HashDig technology is a collection of utilities designed to help practitioners automate the process of resolving MD5 and SHA1 hashes. In the early stages of an investigation, it is not typically possible or practical to examine all subject files. Therefore, practitioners need reliable methods that can quickly reduce the number of files requiring examination. One such method is to group files into two general categories: known and unknown. This method can be implemented quite effectively by manipulating hashes and comparing them to one or more reference databases. Even that, however, can take a significant amount of effort. HashDig technology attempts to reduce this burden through automation and the use of lightweight, open, and verifiable techniques.

HashDig technology was designed to work in conjunction with FTimes and is currently maintained and distributed under that project (click here for cvs access). The name, HashDig, is reminiscent of the dig (domain information groper) utility because it performs a type of resolution.

FTimes is a system baselining and evidence collection tool. The primary purpose of FTimes is to gather and/or develop topographical information and attributes about specified directories and files in a manner conducive to intrusion and forensic analysis. FTimes is available here.
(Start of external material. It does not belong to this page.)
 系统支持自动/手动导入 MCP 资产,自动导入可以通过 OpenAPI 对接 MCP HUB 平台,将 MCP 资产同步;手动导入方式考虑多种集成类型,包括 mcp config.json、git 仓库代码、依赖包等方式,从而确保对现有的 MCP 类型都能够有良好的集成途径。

2 Constructing Reference Databases

There are a number of different sources for obtaining known hashes. The purpose of this section is to describe how to harvest these sources and create reference databases using HashDig technology. Any database that contains known hashes can be used as a reference. However, it's best to construct reference databases such that they only contain known hashes.

A HashDig database is an ordered list of MD5 or SHA1 hashes -- each of which is tagged as known (K) or unknown (U). HashDig databases are implemented as BTrees and constructed using Perl's DB_File module. Enumerating these databases yields the following format:

    hash|category

Ideally, reference databases should be proactively created and regularly maintained. The payoff for this investment is realized when you are called upon to investigate an intrusion or verify the integrity of various files.
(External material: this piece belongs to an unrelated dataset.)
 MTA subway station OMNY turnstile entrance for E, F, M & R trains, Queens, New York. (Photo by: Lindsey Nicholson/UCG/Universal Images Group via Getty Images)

The most important investment you can make to speed hash resolution is to create system baselines for all systems under your purview. Ideally, this would be done before each system is deployed in an operational environment. If these systems undergo a significant amount of change, then it is equally important to take snapshots on a regular basis. With tools like FTimes that were built to operate on an enterprise scale, the cost of setting up an integrity monitoring framework pales in comparison to the amount of time it will take to resolve hashes where no prior baselines exist.

That being said, the remainder of this section is dedicated to the task of creating reference databases from the various available sources. Important sources for hash resolution include:

  • National Software Reference Library (NSRL)
  • Sun's Solaris Fingerprint Database
  • HashKeeper
  • KnownGoods
  • Installation media, packages, and backups

Two critical assumptions, implicit in this approach, are that these sources are untainted and their hashes correspond to known good files. It is possible that a particular source contains hashes that correspond to known bad files, but that would require additional tags or separate handling to prevent confusion. This document makes the assumption that all hashes harvested from reference sources correspond to known good files.

2.1 National Software Reference Library (NSRL)

Information on the NSRL project and how to obtain NSRL data sets is available here.

Over time, NSRL data sets will play an increasingly important role in hash resolution -- to the point that best practices will dictate their involvement in all but the most trivial cases.

To construct an MD5 reference database from NSRL data sets, run the following commands:

    hashdig-harvest.pl -c k -t nsrl1 -o nsrl.hd NSRLFile.txt
    hashdig-make.pl -F -i -d nsrl.db nsrl.hd

Documentation on hashdig-harvest.pl and hashdig-make.pl can be obtained by running perldoc on the respective files as follows:

    perldoc hashdig-harvest.pl
    perldoc hashdig-make.pl

As additional NSRL data sets are released, any new MD5 hashes can be merged into the existing database (i.e., nsrl.db) by rerunning the harvest and make utilities as follows:

    hashdig-harvest.pl -c k -t nsrl1 -o nsrl.hd.new NSRLFile.txt.new
    hashdig-make.pl -d nsrl.db nsrl.hd.new

2.1.1 NSRL Gotchas

Presently, hashdig-make.pl properly parses NSRL data sets, but there is one known issue to keep in mind: The field separator for NSRL data sets is a comma. The problem with this is that various filenames in the data sets (e.g., ",jack.gif") also contain commas. Unfortunately, this complicates parsing logic and makes it more error prone. If you are processing NSRL data and observe errors related to record parsing, inspect the offending record(s) to determine if this issue applies.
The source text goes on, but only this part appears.